The Congress and the BJP, the two mainstream political parties in Assam, fully understand the importance of the tea garden tribes in Assam politics. These tribes have 3.5 million votes in their kitty, enough to make or mar the prospects of any contestant. It has been calculated that the tea tribes have decisive roles in 35 assembly seats. In the 2011 assembly election, the BJP had triumphed in only one of these 35 seats, while the Congress had won 26. But in the last parliamentary poll, the picture got reversed and 26 of these 35 seats were among those 69 seats where the BJP had polled the highest votes.

In Assam, scheduled tribes constitute 12.41 percent of the population. If ST status is extended to the groups mentioned above, then scheduled tribes will constitute nearly 50 percent of the population and, among them, the tea tribes will enjoy a prime position.

If the Narendra Modi government in Delhi cannot take the tea tribes into confidence over the question of ST status, then there may occur a reversal in their voting pattern.

FIfteen seats are reserved for the scheduled tribe community in the 126-member Assam assembly. Of them, four are in the Karbi Anglong district and represented by Karbi MLAs, one in Dima Hasao district, three in Upper Assam and always represented by the Mishing tribe, while another one was for long represented by the Rabhas but was snatched away by the Bodos in 2011. The remaining six are in the Bodoland Autonomous District area.

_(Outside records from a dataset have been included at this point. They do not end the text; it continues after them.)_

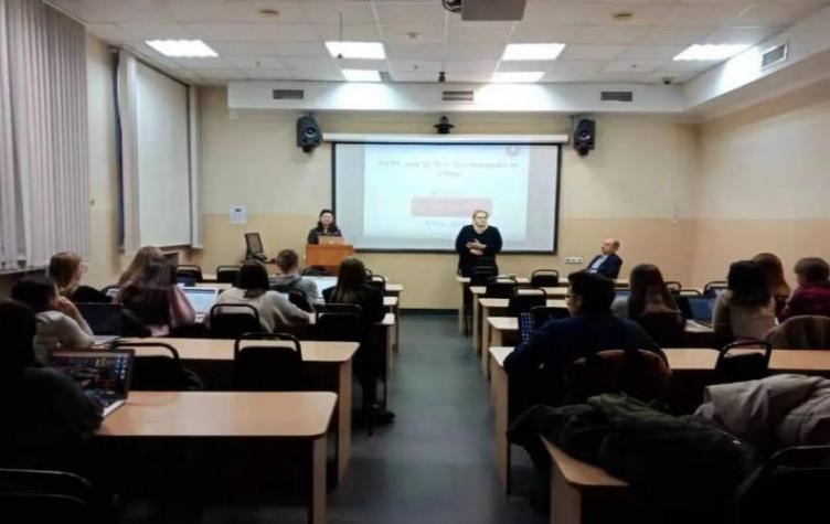 彭海青教授在圣彼得堡大学法学院为中国法专业的俄罗斯学生授课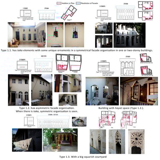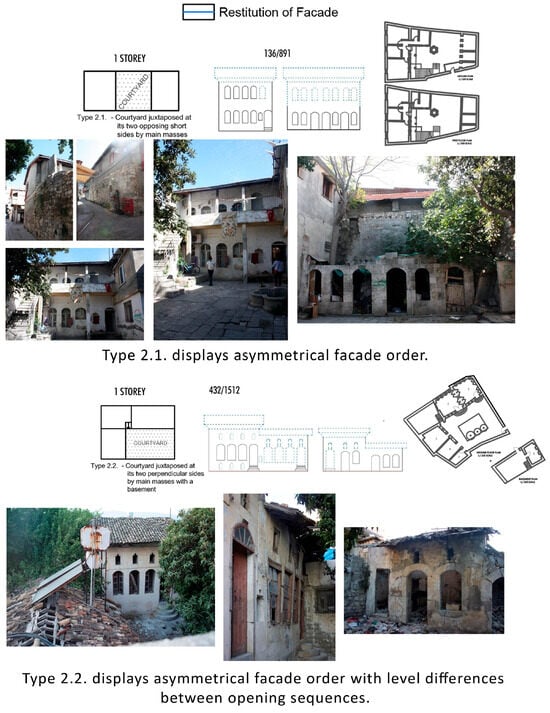 - The first typology was “courtyard juxtaposed at one side by main mass,” which included one- or two-story buildings, and just three of them had traces of a taka above the ground-floor windows. Its subheadings are mainly “1.1. Courtyard juxtaposed at short side by main mass,” “1.2. Courtyard juxtaposed at long side by main mass,” and “1.3. With a big squarish courtyard,” as shown in Figure 13. As a rare example of the “courtyard juxtaposed at long side by main mass” type, two examples were seen with a hayat space on the first floor. On the first floor, openings had cinquefoil arches, and they faced the hayat space, while on the ground floor, either segmental arched or rectangular openings existed. The facades had asymmetrical organization. The only example belonging to the “with a big squarish courtyard” typology had a garden wall addition separating the courtyard in the middle. Therefore, the façade of the building, which was used as a French school for a period, was also divided into two. The façade organization was symmetrical, and the ground-floor openings had ornamented taka designs above them, which differentiated the building and made it a rare example for the site.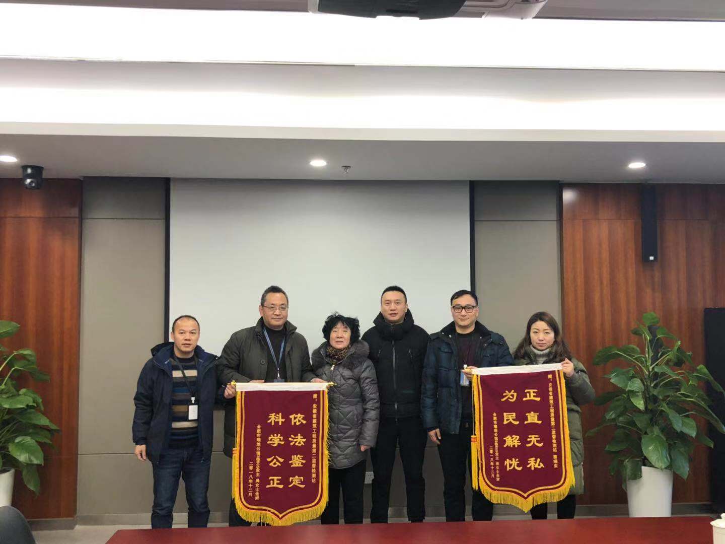 近日,合肥市瑞地公館的業(yè)主吳曉霞等三人冒著寒冷專程來到安徽建科質(zhì)檢二站,送來繡有“科學公正,依法鑒定”、“為民解憂、正直無私”的兩面錦旗,對我院質(zhì)檢二站及蔡曉東項目組提供的“公正、科學、優(yōu)質(zhì)”的技術(shù)服務表示感謝。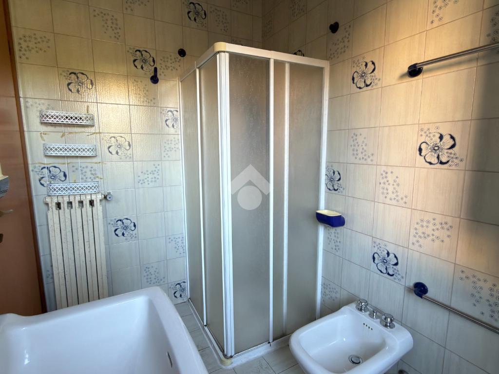 Sul lato sinistro dell’immobile si sviluppa la zona notte, composta da una camera da letto matrimoniale di comode dimensioni ed un bagno finestrato con doccia, rifinito in modo pratico e funzionale.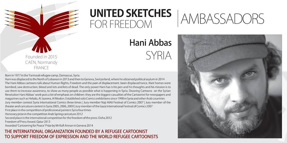 اختير رسام الكاريكاتير الفلسطيني السوري هاني عبّاس سفيرًا لمؤسسة “United Sketches for Freedom “ الدولية ممثّلًا سوريا، المؤسسة الدولية التي مقرّها فرنسا؛ اختارت عبّاس لمساهمته الكبيرة في ترسيخ قيم الحرية من خلال رسوماته، يذكر أنّ هاني عبّاس قد حصل العام الماضي على أرفع جائزة كاريكاتير في العالم وتم تكريمه في الأمم المتحدة.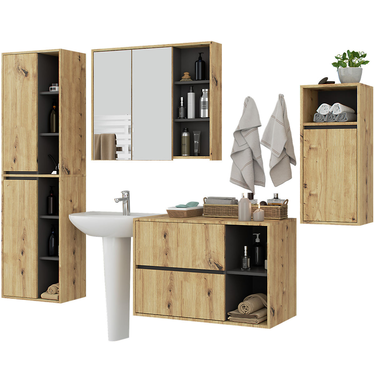 Lukafurniture.cz » Koupelna a WC / Koupelnové sestavy / SADA ZÁVĚSNÉHO KOUPELNOVÉHO NÁBYTKU VAMI DUB ARTISAN / GRAFIT ŠEDÝ

The Congress understands the importance of the tea tribes in Assam elections. On the streets of Guwahati one can hear a buzz that Pawan Singh Ghatowar, a trade union leader of the Congress, may become the chief minister if his party wins the election. Ghatowar hails from the tea tribes and is the president of the Assam Cha Mazdoor Sangha. This may be a Congress ploy to sway the tea tribes' votes in its favour, notwithstanding the fact that Gogoi has already crossed 80 years.

Assam's tea industry in Assam employs 500,000 permanent and 600,000 temporary workers. Sensing their political importance, Gogoi has prepared a draft notification which seeks to enhance the daily wage of a tea labourer to Rs.177. The notification also has three other components promising housing, water supply and communication facilities to the tea garden workers.

Gogoi has left no stone unturned to placate the plantation community. He has written to Narendra Modi for a Rs.5,568 crore (more than $385 million) special package and requested him to amend the Plantation Labour Act,1951. The Assam government has also released 76,000 tonnes of rice and 5,000 tonnes of wheat for distribution among the plantation labourers.

But for whom will Assam's tea tribes vote ? That is the million dollar question.